Please beware that there are actually (at least) two things called "Wireless Managers" on Windows PC, both of which interfere with the normal operation of WIndows, and as a result, can block or interfere with the normal operation of Connectify Hotspot. Connectify Hotspot's successful operation counts on Windows behaving the way it's supposed to be behave. If you are running Windows XP, this article is probably not about your manager. Please go here:
There's a more recent kind of Wireless Manager. The Dell Wireless Manager, found on many Windows 7 and perhaps some WIndows Vista PCs, is one of this new kind. So is the Verizon "VZ Access Manager" program, the "AT&T Connection Manager" from AT&T, the Ericsson Wireless Manager, etc. Windows will naturally open and close as many network connections as you might like, just as it supports multiple disc drives, input devices, sound cards, and even multiple monitors. Some companies have decided that this capability is too confusing for you, and so they have these Wireless Managers installed on your system. The goal of such programs is usually to keep Windows active on only one network at a time. This may mean that, when you plug in an Ethernet connection, your Wi-Fi device is automatically disabled.
That alone is bad news if you're trying to share a connection. But Connectify Hotspot itself is also a network connection, because it provide a virtual router as a Soft AP. It provides the wireless router that leads out to your Connectify Hotspot. WIndows can't get to the Internet via this connection, but some Wireless Managers are -- let's just say it -- stupid. They see the Connectify Hotspot network active, and proceed to shut down other networks, blocking Connectify Hotspot's ability to share anything.
Such software is rarely compatible with Connectify Hotspot. If you have some need to run this software, you can try to adjust the settings, but we do not know of a way to make these programs safe for connection sharing. Most users don't even realize they're running one of these programs, since they either come pre-installed, or get installed along with WAN software, like a Verizon 3G/4G modem. You can launch the Control Panel in Windows and find the "Programs and Features" function or the "Uninstall a program" menu. Run either one of those applications, look for the Network Manager, remove it, and reboot.
In some cases, you may think you need this Wireless Management software. If it can be configured to leave the other wireless interfaces alone, or it may work with Connectify Hotspot, but it has been our experience that the whole purpose of this kind of software is to keep only one LAN active, and thus, it's inherently incompatible with Connectify Hotspot. You may be able to disable this software from automatically starting. If you find this in your Start Menu's "Startup" folder, simply removing it may help you. But it has to be disabled somehow; this is an incompatibility, and it's not Connectify Hotspot that's the problem.

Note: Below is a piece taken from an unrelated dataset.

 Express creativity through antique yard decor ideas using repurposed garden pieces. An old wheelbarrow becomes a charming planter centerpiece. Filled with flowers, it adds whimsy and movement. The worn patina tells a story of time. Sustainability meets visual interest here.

Next, check your "Network Connections" panel (you can get to this from the Windows Control Panel, and also from Connectify Hotspot Menu "Control Panel" option). This shows all of the network devices on your system. You'll see LAN devices, such as the Connectify Personal Network Virtual Adapter -- that's the Connectify Hotspot network device mentioned above. You should also see your Wireless device listed as a "Wireless Network Connection", and any Ethernet or other wired devices you might want to use.
Make sure none of these say "Disabled". If they do, double-left-click on them, then select "Configure".

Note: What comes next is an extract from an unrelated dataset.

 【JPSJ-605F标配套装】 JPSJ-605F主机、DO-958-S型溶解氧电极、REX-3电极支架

On the General tab, click on "Enable Device".
Hopefully, all your devices are now enabled and working. If you are unable to enable a device this way, and keep it enabled, you still have hostile software in your system making changes you don't want. Connectify Hotspot will never disable any network device. Windows will not either, without your specific request, either through Network Connections, via a mechanical switch on your computer, or via the Fn-F2 sequence on some PCs.
In short, if you are certain you have a Wi-Fi device, it's enabled (as found in the Network Connections panel), it's not "bridged" to another device, and it shows up as a real Wireless Network according to Windows, Connectify Hotspot will find it. If Connectify Hotspot can't find it, something is causing interference. We try to help, but ultimately, it is up to you to determine which programs and software are most suitable to your computing needs.